At my urging Zauch called the captain and apologized over the phone and the two of them talked for a while. This seemed to satisfy the captain and I called him later and thanked him for giving Zauch another chance. Many of my fellow officers will probably not agree with me, but one of the things I am most proud of was seeing Airman Zauch honorably discharged from the Air Force six months later. These were difficult times for those of us in the military who now had to serve with these young people who were angry, some even bitter, about Vietnam. Many, like Zauch, took their anger out on us.

Another problem I faced was assigning jobs to a few senior captains and majors who came to my section after being fired from their jobs as weather detachment commanders. Personnel people apparently thought that AFGWC was large enough to absorb these men, which it was, but unfortunately for me, most of them wound up in my section. Those whom I deemed to be poor managers I had to tuck under one of my competent managers who outranked them. For those whom I couldn’t fit in this way I had to create a staff job that I felt they could handle. Fortunately, most of them were competent meteorologists.

 

Side-saddle

This was the early ‘70s and during this period the Air Force was forced to face the realities of our rapidly changing society. The goal was to increase the number of women in the Air Force and reach a total of 20% within the decade. What to do when a WAF became pregnant? What to do when an unmarried WAF became pregnant? What to do when a WAF, single or married, became pregnant and wished to stay on active duty?

As I mentioned, this was the early ‘70s and out of wedlock pregnancies were on the increase. Sure enough, a single WAF in my section became pregnant and requested to stay in the service, so I was now suddenly involved in dealing with this issue

Air Force rules at the time were that if a pregnant WAF wished to continue on active duty her unit commander or his appointed assistant must decide whether or not the young woman could handle her new responsibility while continuing to perform her military duties. Our WAF’s duties were to plot weather observations on blank weather maps, not too demanding. CMS Robarge conferred with her supervisor who trusted that she could do both and I concurred with their assessment.

Since this permission to continue serving was a recent decision, the Air Force had not as yet designed uniforms to fit a pregnant woman, our mother-to-be began coming to work in civilian clothes when she outgrew her regular uniform. I remember seeing her whenever I walked down past our upper air winds monitoring section. Toward the end she had to sit side-saddle while she worked because her tummy would not allow her to reach across the light table when it was in front of her.

 

Cries of “Baby Killers” are hurled

During my forays out on the floor I would often engage in conversations with some of our newly-enlisted troops. I often heard them speak of their understandable confusion over the shouts of “Baby Killers!” hurled at them by self-righteous anti-Vietnam War pickets as they drove through the SAC Gate on their way to work. These were innocent youngsters, fresh off of their parent’s farms in Iowa, New Hampshire, and Georgia; inner city kids who, like the farm kids, were away from home for the first time, and, like myself when I first entered the University of Illinois many years earlier, had no real political convictions or even opinions.

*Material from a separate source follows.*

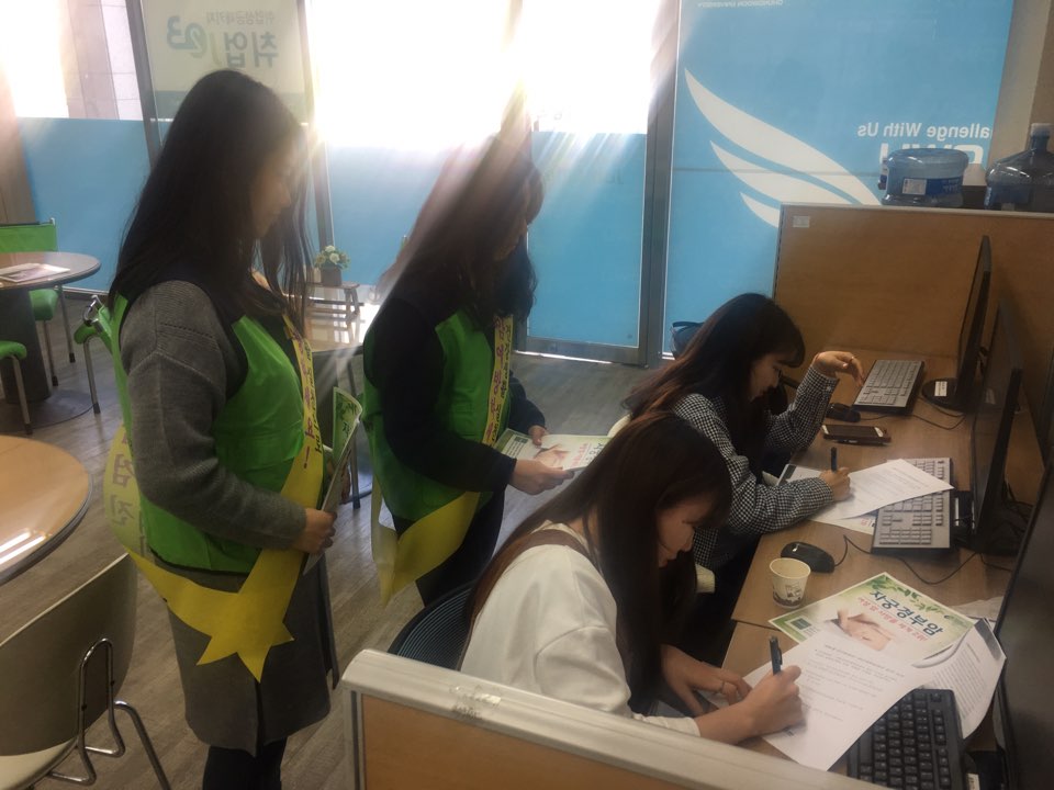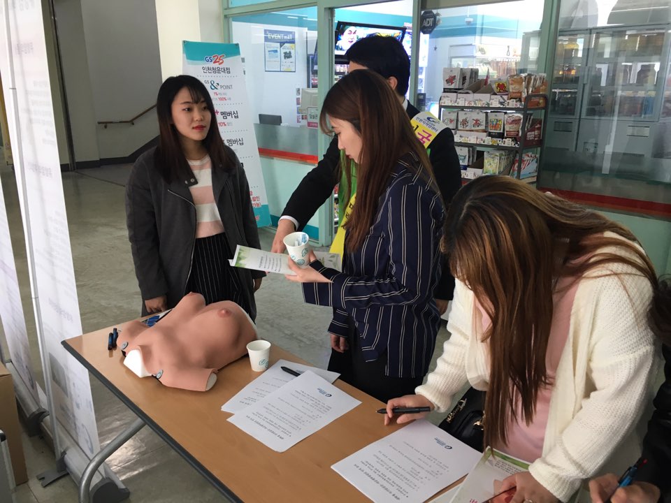2017년 4월 27일(목) 인천지역암센터 암 예방 서포터즈와 함께 청운대학교 인천캠퍼스 에서 학생을 대상으로 자궁경부암 및 유방암 검진에 대해 홍보 캠페인을 실시하였습니다.
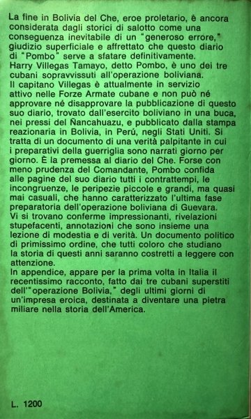 Soggetti: Ernesto Che Guevara, Biografie, Diario, Memorie, Scritti, Documenti inediti, Lettere, Epistolario, Corrispondenza, Bolivia, Marxismo, Comunismo, Resistenza, Guerriglia, Classici, America Latina, Fidel Castro, Cuba, Marcos, Guerriglieri, Tattica, Strategie, L'Avana, Santa Cruz, Braulio, Rio Grande, Cochabamba, Morte, Pombo, Eroi, Harry Villegas Tamayo, Forze armate, Operazione boliviana, Imprese, Testimonianze, Libri Vintage, Anni Sessanta, Guerra Fredda, Rivoluzione cubana, Crisi, Alleanza, Progresso, Kennedy, Stati Uniti, Eduardo Frei, Revolucion, Comandante, Contestazione, Impegno politico, Régis Debray, Focos, Montagne, Three years later, Combatant, Che's Guerrilla Movement in Bolivia, Controversy, Ñancahuazú, Corvée, Benigno, Nacahuasu, Accampamento, Granoturco, Sentiero, Avanguardia, Pablito, Camiri, Feriti, Prigionieri, 1966-67, Biographies, Diary, Memories, Writings, Unpublished Documents, Letters, Letters, Correspondence, Communism, Resistance, Classics, Guerrillas, Tactics, Strategies, Havana, Death, Heroes, Armed Forces, Bolivian Operation, Commander, Firms, Testimonies, Years Sixties, Cold War, Cuban Revolution, Crisis, Alliance, Progress, United States, Contestation, Political Commitment, Mountains, Encampment, Corn, Path, Avant-Garde, Injured, Prisoners

Until now, these young adults never met what I call our “Wooly-Haired” Liberal friends who were so judgmental about even these naive youngsters’ decisions to dutifully obey their family and country’s wishes that they serve in the military. My young charges often arrived at work confused by the venom spewed at them by those who also spilled lamb’s blood on the SAC emblem just outside of the gate which read “Peace is Our Profession.”

During the worst days of Vietnam that expression bothered me a little too, but I believed that these well-meaning but overly judgmental protesters were knocking at the wrong door. They would have served their purpose better if they protested in front of their Congressional Representatives’ offices. Our military marches on orders from their civilian leaders. Ours is not a military dictatorship!

I guess the self-righteous will always bother me. I can understand their feelings about Vietnam. I could understand them at the time. In some aspects I shared their views, but I didn’t lay the whole package on the backs of eighteen-year-old recent high school graduates who, like myself nineteen years earlier in all innocence, decided to serve their country. Most of these fine young people would not even have been in uniform at the time except for the draft. For God’s sake, give them a break.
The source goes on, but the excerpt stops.